• [DATA SEGMENT]:
--------

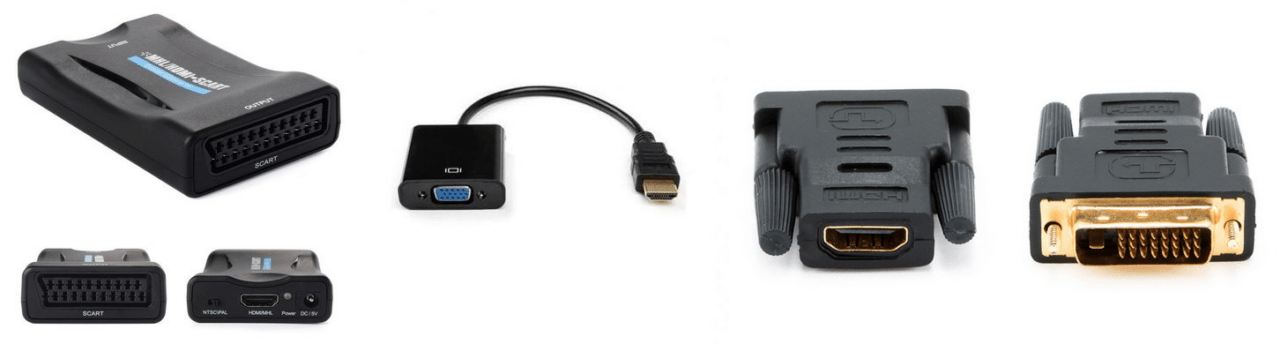 Также можно воспользоваться конвертором HDMI → SCART. В этом случае кабель HDMI подключают к порту монитора, а второй конец к преобразователю сигнала. Scart кабель подключают аналогичным образом к приставке и конвертору.
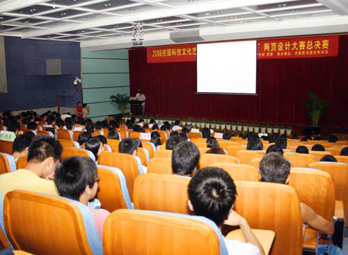 一年一度的网页设计大赛于5月29日落下帷幕。当晚,进入决赛的作品在学术报告厅一一展示,呈现出百花齐放的景象。 院党委朱志德书记,朱冰副书记,院督学林世俊教授,计信系党总支副书记葛卫清博士,学生处副处长、院团委书记丘永
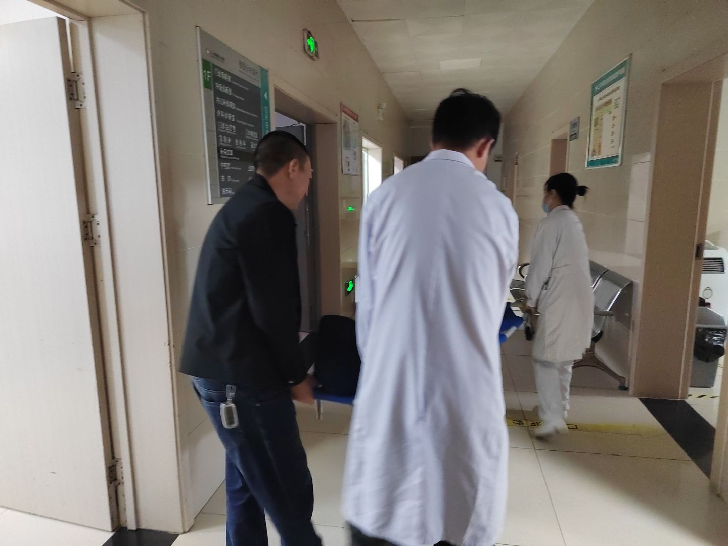 一名76岁老人因摔倒导致右股骨下端骨折,剧痛伴随活动受限,急需石膏固定与生命体征监测。门诊医护刘华、李茜茜迅速响应,凭借娴熟的技术完成紧急处置。然而,当患者需转运至影像科复片时,平稳抬运需四人协同的难题突显——除两名医护和一名陪护家属外,还差一人。正在这时,药剂科鲁珉途经现场,毫不犹豫加入其中。四人躬身托举、步调一致,以稳固的“人力担架”将患者平稳移送。

--------

Write out exactly, and only, the lines from the line holding "一年一度的网页设计大赛于5月" through the end of the data, inclusive, without any pictures.

• [OUTPUT]:
 一年一度的网页设计大赛于5月29日落下帷幕。当晚,进入决赛的作品在学术报告厅一一展示,呈现出百花齐放的景象。 院党委朱志德书记,朱冰副书记,院督学林世俊教授,计信系党总支副书记葛卫清博士,学生处副处长、院团委书记丘永
 一名76岁老人因摔倒导致右股骨下端骨折,剧痛伴随活动受限,急需石膏固定与生命体征监测。门诊医护刘华、李茜茜迅速响应,凭借娴熟的技术完成紧急处置。然而,当患者需转运至影像科复片时,平稳抬运需四人协同的难题突显——除两名医护和一名陪护家属外,还差一人。正在这时,药剂科鲁珉途经现场,毫不犹豫加入其中。四人躬身托举、步调一致,以稳固的“人力担架”将患者平稳移送。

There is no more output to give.